34, 55, 89, 144 . . .
The small sealed tube grew warm in her hand, a warmth of possibility that fueled her through the coldest nights for the last thirty years. She’d waited for this moment when she’d finally no longer have to answer to Nicholas. When she could choose who was blessed and who would be changed like she once was. Never mind the irony that he’d been the one to choose her, after all.
She often wondered why he did so, chose her of all people all those years ago, but her intentions, even now, were always pure. As pure as met her needs and wants, anyway.
It was Nicholas’ intentions that had changed over the years.
What started as a relationship based solely on survival allowed Nicholas to manipulate her until his end. For years she let him think that he was greater than her, but now it was her turn. She’d once read a funny word in an old book: switcheroo. That described it delightfully. Just like the Aurora lights returning to the skies of Alaska, she’d step forward to brighten the world with Subject A4.
But despite her love and appreciation for numbers, she didn’t know what in the Mazes of Hell “A4” meant. An arbitrary letter and number that once perhaps held great meaning was just a symbol now. But even numbers had vibrations to them. Did A4 vibrate with the frequency of Newt? She wasn’t sure. Four wasn’t a holy number. It wasn’t in her digits. But the lab tape on the vial, with Newt’s name on it, was undeniable; this had to be the sample of what was left after Nicholas injected her and Mikhail each with variated sequences of Newt’s DNA. But even three decades later, Alexandra never thought the word “Cure” fit. What it did for Mikhail was much more than that. It was a miracle. A cursed miracle. Parts of Mikhail had returned to human while other parts remained animalistic—like the urges of insanity. Madness. Traits of the Cranks. Things that terrified her even while she subdued them.

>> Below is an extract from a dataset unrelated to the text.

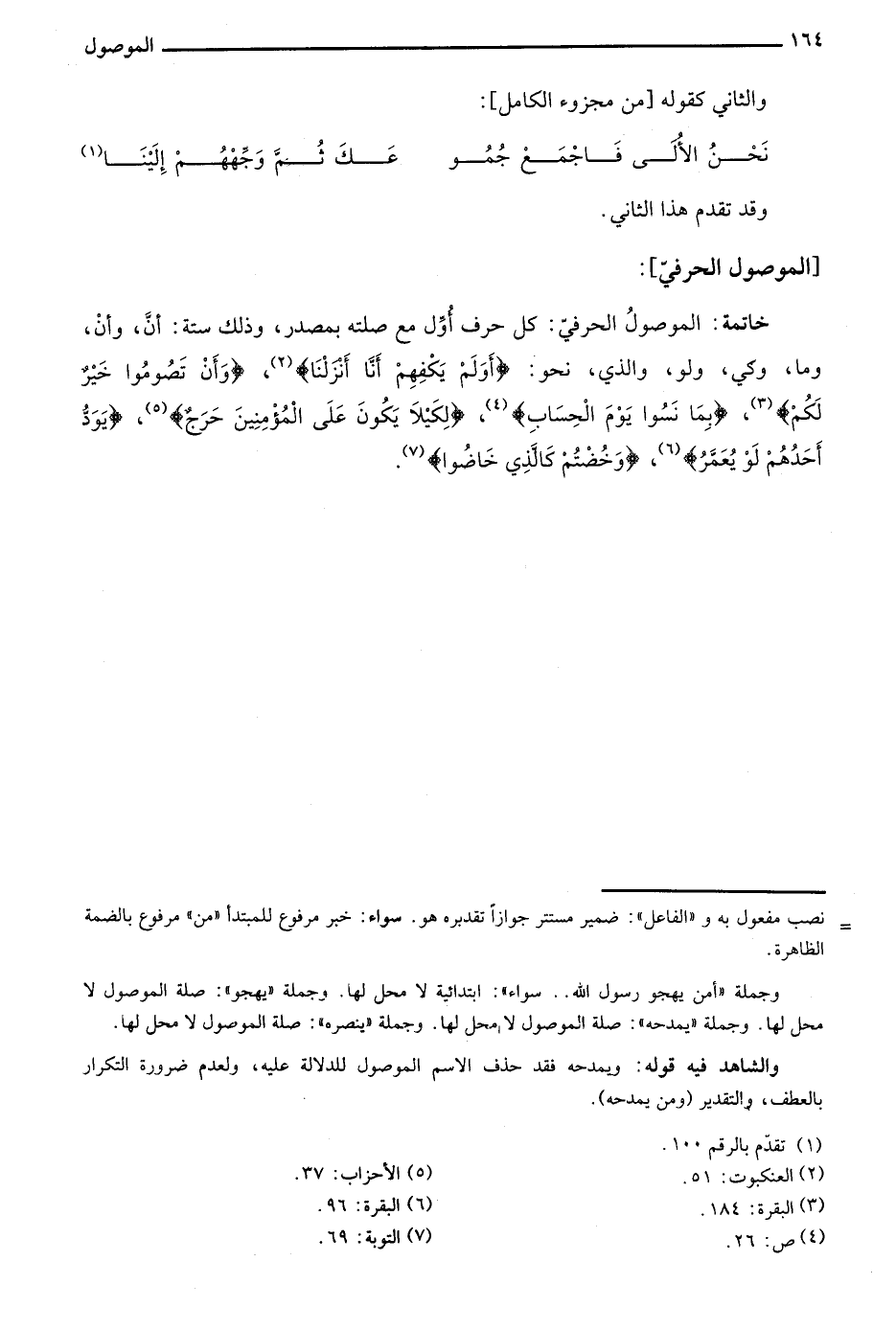 خاتمة: الموصول الحرفي: كل حرف أول مع صلته بمصدر، وذلك ستة: أن، وأن، وما، وكي، ولو، والذي، نحو: {أَوَلَمْ يَكْفِهِمْ أَنَّا أَنْزَلْنَا} 2، {وَأَنْ تَصُومُوا خَيْرٌ لَكُمْ} 3، {بِمَا نَسُوا يَوْمَ الْحِسَابِ} 4، {لِكَيْ لا يَكُونَ عَلَى الْمُؤْمِنِينَ حَرَجٌ} 5، {يَوَدُّ أَحَدُهُمْ لَوْ يُعَمَّرُ} 6، {وَخُضْتُمْ كَالَّذِي خَاضُوا} 7.

What the slightly variated sequence of DNA had done to her was even more astounding. She’d received clear knowledge. Clear as the glass box in which Nicholas’ head nestled. Intuition that not only predicted future events but also received elements of the past, as if her very own cells, once upgraded, carried the knowledge of previous civilizations within them. As if the wireless internets of old were alive again and only she had access to them directly from her brain. Preposterous? Yes. True? Also yes.
The re-wiring of her DNA had been subtle but powerful, unlike the hellfire Mikhail had to go through. His body had to physically reproduce cells that were being eaten by disease. His cells undoubtedly held no knowledge. It took him months to be able to speak like himself again, and even after that he was never truly the same. Nightmares haunted him at every sleep. Nicholas expected Alexandra to grovel at his feet day in and day out with gratitude for saving her dear Mikhail, but Alexandra had watched him change twice, and the transition back from The Gone was somehow harder. Because he didn’t come all the way back.